(DATA FOR THIS TASK)

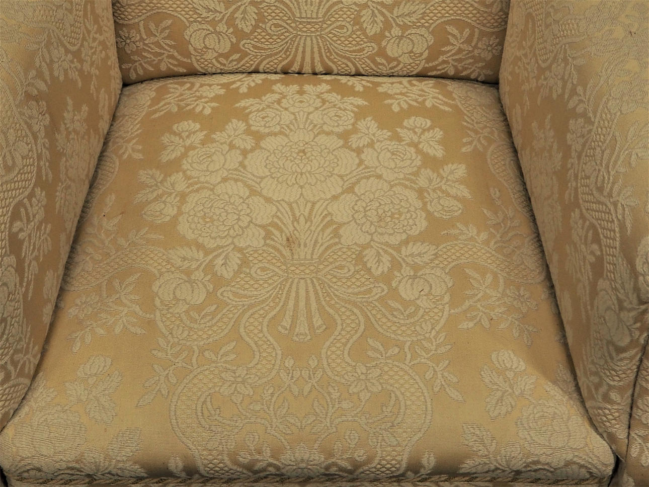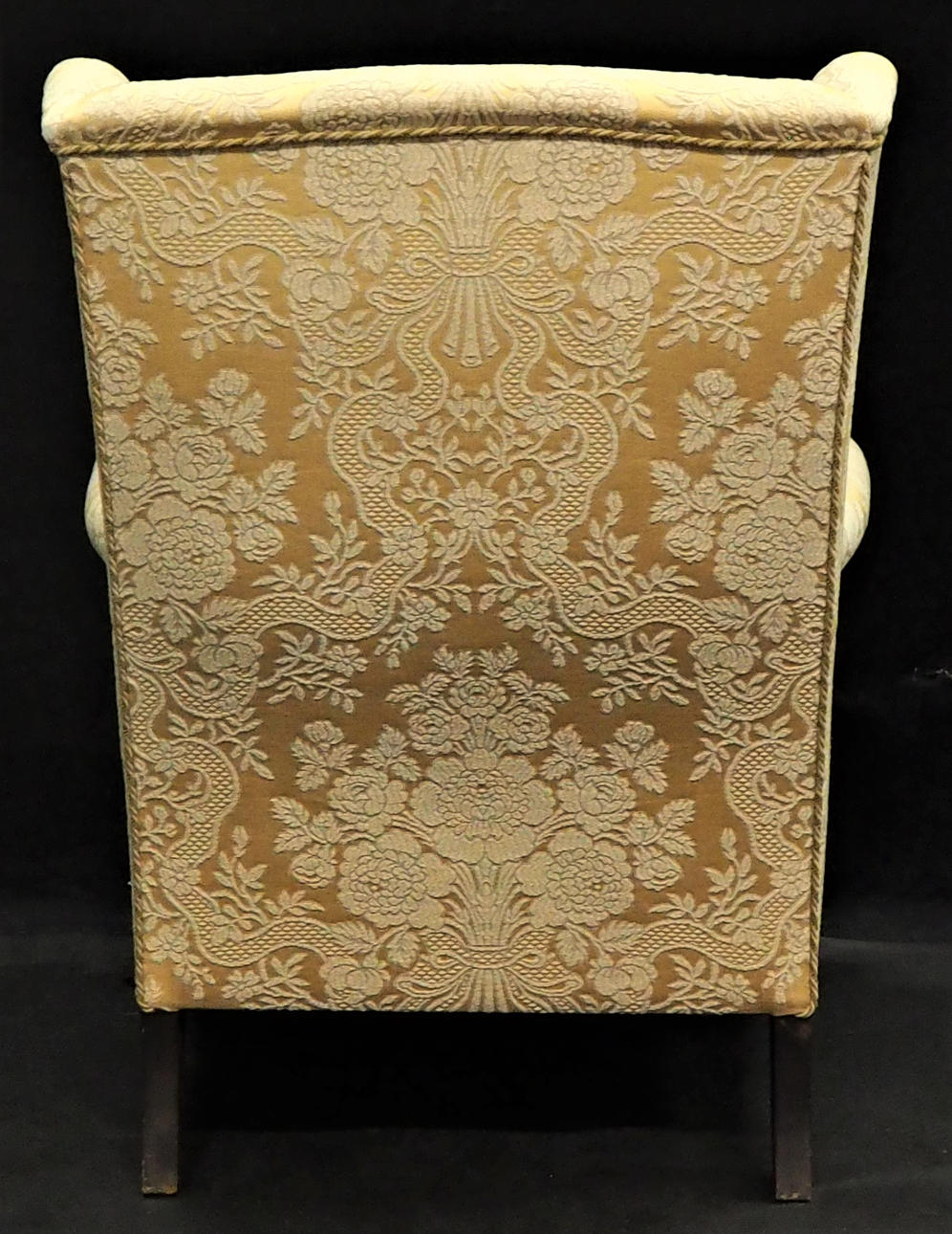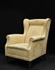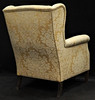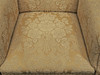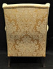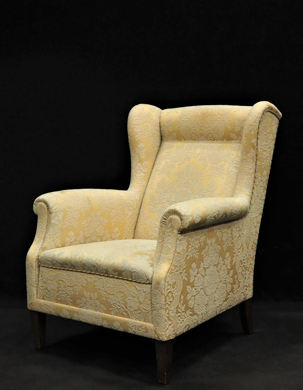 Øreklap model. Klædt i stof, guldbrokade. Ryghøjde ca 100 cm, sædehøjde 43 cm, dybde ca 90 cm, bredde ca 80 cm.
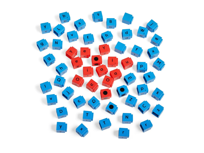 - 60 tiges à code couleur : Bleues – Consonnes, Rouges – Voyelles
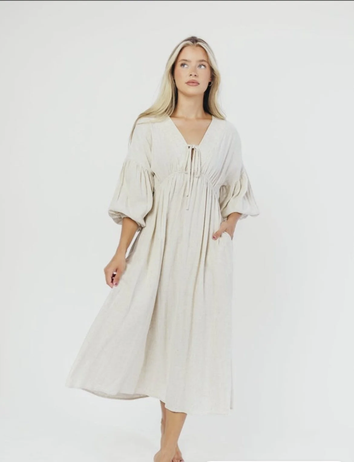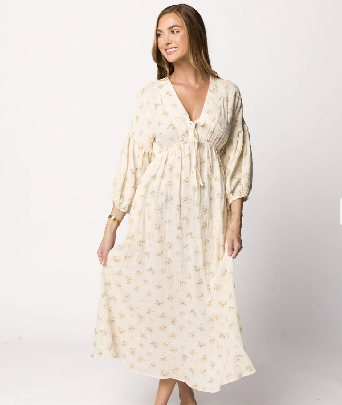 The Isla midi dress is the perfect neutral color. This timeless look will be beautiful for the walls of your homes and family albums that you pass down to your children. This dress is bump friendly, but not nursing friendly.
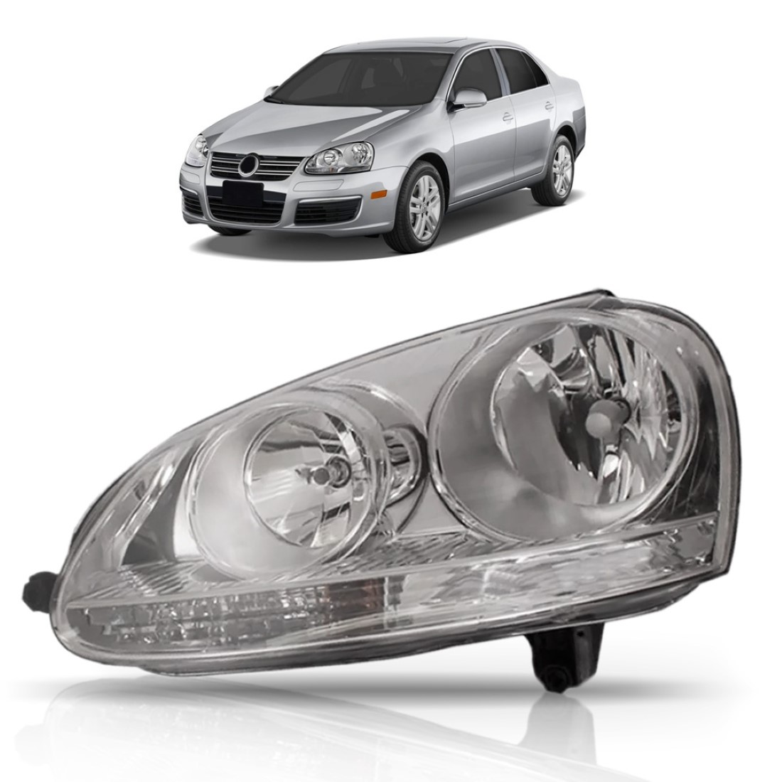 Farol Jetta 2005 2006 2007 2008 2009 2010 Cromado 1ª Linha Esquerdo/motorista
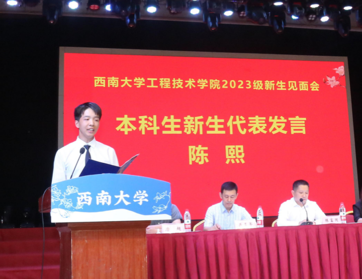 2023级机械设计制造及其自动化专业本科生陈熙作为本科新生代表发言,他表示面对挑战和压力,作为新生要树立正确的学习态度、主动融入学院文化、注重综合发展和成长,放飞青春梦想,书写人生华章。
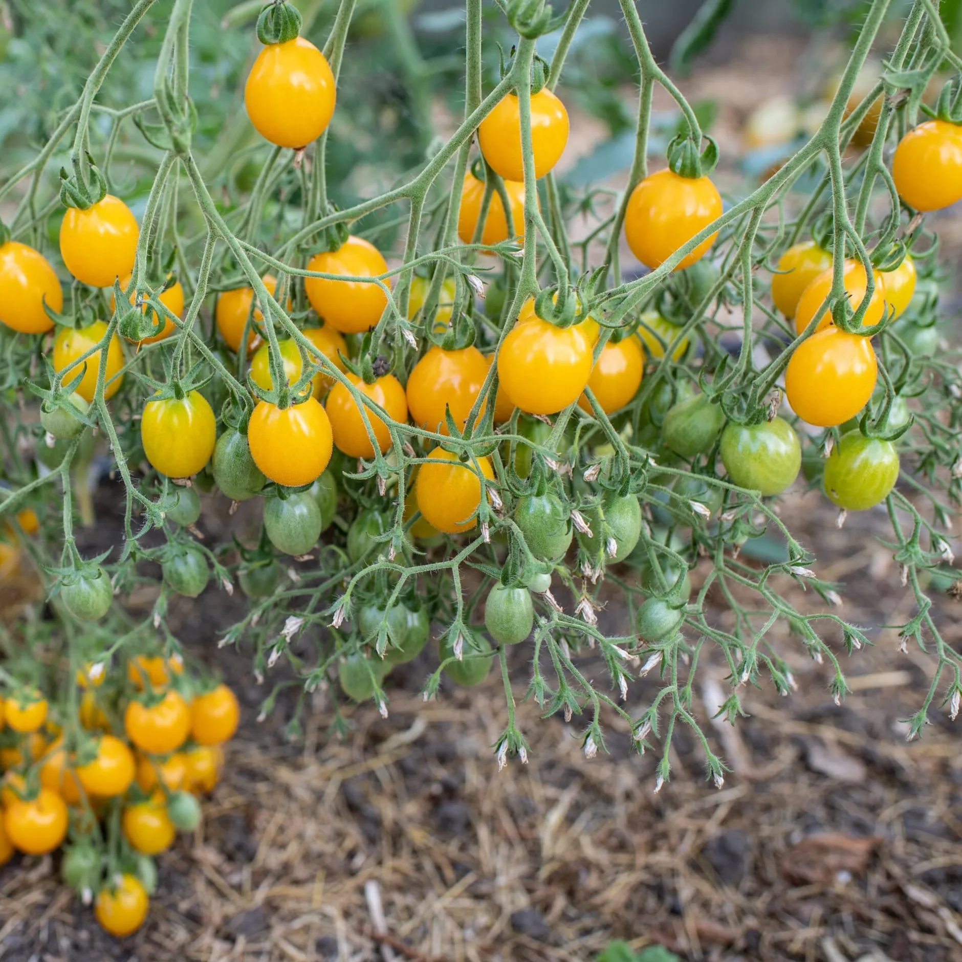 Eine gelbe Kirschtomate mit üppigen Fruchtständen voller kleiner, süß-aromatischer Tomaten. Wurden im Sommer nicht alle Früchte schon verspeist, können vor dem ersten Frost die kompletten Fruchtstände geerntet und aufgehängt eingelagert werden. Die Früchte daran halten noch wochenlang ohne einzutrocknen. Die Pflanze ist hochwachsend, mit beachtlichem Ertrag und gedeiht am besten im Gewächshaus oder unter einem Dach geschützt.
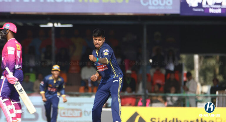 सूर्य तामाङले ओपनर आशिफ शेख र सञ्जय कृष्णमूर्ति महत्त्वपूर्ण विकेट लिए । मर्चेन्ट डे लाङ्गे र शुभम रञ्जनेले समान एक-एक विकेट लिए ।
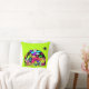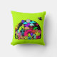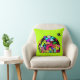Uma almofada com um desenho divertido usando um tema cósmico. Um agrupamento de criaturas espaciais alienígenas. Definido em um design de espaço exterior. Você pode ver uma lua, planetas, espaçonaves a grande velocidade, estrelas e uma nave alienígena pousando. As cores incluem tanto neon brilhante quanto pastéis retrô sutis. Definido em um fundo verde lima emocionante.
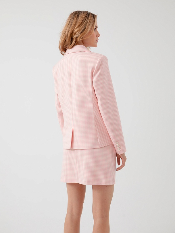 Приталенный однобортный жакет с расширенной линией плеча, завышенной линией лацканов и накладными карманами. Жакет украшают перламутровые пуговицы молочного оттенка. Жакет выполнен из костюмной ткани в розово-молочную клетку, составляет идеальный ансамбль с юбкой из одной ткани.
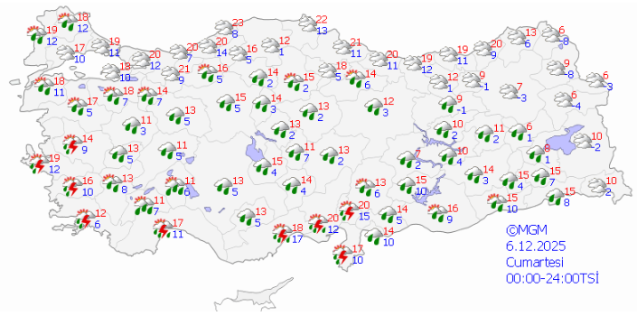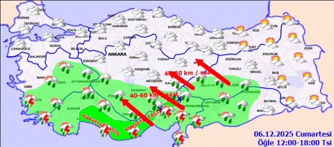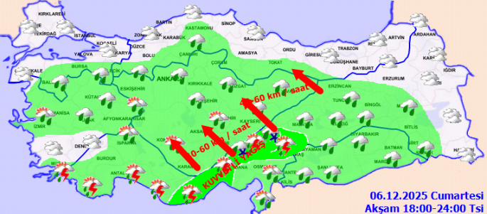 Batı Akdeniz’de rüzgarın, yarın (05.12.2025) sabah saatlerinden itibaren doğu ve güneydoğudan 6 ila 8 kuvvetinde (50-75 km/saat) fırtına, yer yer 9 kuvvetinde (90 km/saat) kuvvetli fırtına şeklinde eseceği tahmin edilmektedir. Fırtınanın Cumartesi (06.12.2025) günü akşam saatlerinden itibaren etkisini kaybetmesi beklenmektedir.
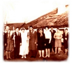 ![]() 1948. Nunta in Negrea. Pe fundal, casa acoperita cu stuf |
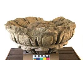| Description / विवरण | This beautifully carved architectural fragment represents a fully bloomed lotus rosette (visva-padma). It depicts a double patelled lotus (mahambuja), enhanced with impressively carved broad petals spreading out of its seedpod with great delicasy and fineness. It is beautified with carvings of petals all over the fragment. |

(End DATA FOR THIS TASK)

▶ [TASK TO COMPLETE]:
Transcribe the records in full and exactly. Pictures stay out.

▶ [RESULT BELOW]:
 Øreklap model. Klædt i stof, guldbrokade. Ryghøjde ca 100 cm, sædehøjde 43 cm, dybde ca 90 cm, bredde ca 80 cm.
 - 60 tiges à code couleur : Bleues – Consonnes, Rouges – Voyelles
 The Isla midi dress is the perfect neutral color. This timeless look will be beautiful for the walls of your homes and family albums that you pass down to your children. This dress is bump friendly, but not nursing friendly.
 Farol Jetta 2005 2006 2007 2008 2009 2010 Cromado 1ª Linha Esquerdo/motorista
 2023级机械设计制造及其自动化专业本科生陈熙作为本科新生代表发言,他表示面对挑战和压力,作为新生要树立正确的学习态度、主动融入学院文化、注重综合发展和成长,放飞青春梦想,书写人生华章。
 Eine gelbe Kirschtomate mit üppigen Fruchtständen voller kleiner, süß-aromatischer Tomaten. Wurden im Sommer nicht alle Früchte schon verspeist, können vor dem ersten Frost die kompletten Fruchtstände geerntet und aufgehängt eingelagert werden. Die Früchte daran halten noch wochenlang ohne einzutrocknen. Die Pflanze ist hochwachsend, mit beachtlichem Ertrag und gedeiht am besten im Gewächshaus oder unter einem Dach geschützt.
 सूर्य तामाङले ओपनर आशिफ शेख र सञ्जय कृष्णमूर्ति महत्त्वपूर्ण विकेट लिए । मर्चेन्ट डे लाङ्गे र शुभम रञ्जनेले समान एक-एक विकेट लिए ।
Uma almofada com um desenho divertido usando um tema cósmico. Um agrupamento de criaturas espaciais alienígenas. Definido em um design de espaço exterior. Você pode ver uma lua, planetas, espaçonaves a grande velocidade, estrelas e uma nave alienígena pousando. As cores incluem tanto neon brilhante quanto pastéis retrô sutis. Definido em um fundo verde lima emocionante.
 Приталенный однобортный жакет с расширенной линией плеча, завышенной линией лацканов и накладными карманами. Жакет украшают перламутровые пуговицы молочного оттенка. Жакет выполнен из костюмной ткани в розово-молочную клетку, составляет идеальный ансамбль с юбкой из одной ткани.
 Batı Akdeniz’de rüzgarın, yarın (05.12.2025) sabah saatlerinden itibaren doğu ve güneydoğudan 6 ila 8 kuvvetinde (50-75 km/saat) fırtına, yer yer 9 kuvvetinde (90 km/saat) kuvvetli fırtına şeklinde eseceği tahmin edilmektedir. Fırtınanın Cumartesi (06.12.2025) günü akşam saatlerinden itibaren etkisini kaybetmesi beklenmektedir.
 ![]() 1948. Nunta in Negrea. Pe fundal, casa acoperita cu stuf |
| Description / विवरण | This beautifully carved architectural fragment represents a fully bloomed lotus rosette (visva-padma). It depicts a double patelled lotus (mahambuja), enhanced with impressively carved broad petals spreading out of its seedpod with great delicasy and fineness. It is beautified with carvings of petals all over the fragment. |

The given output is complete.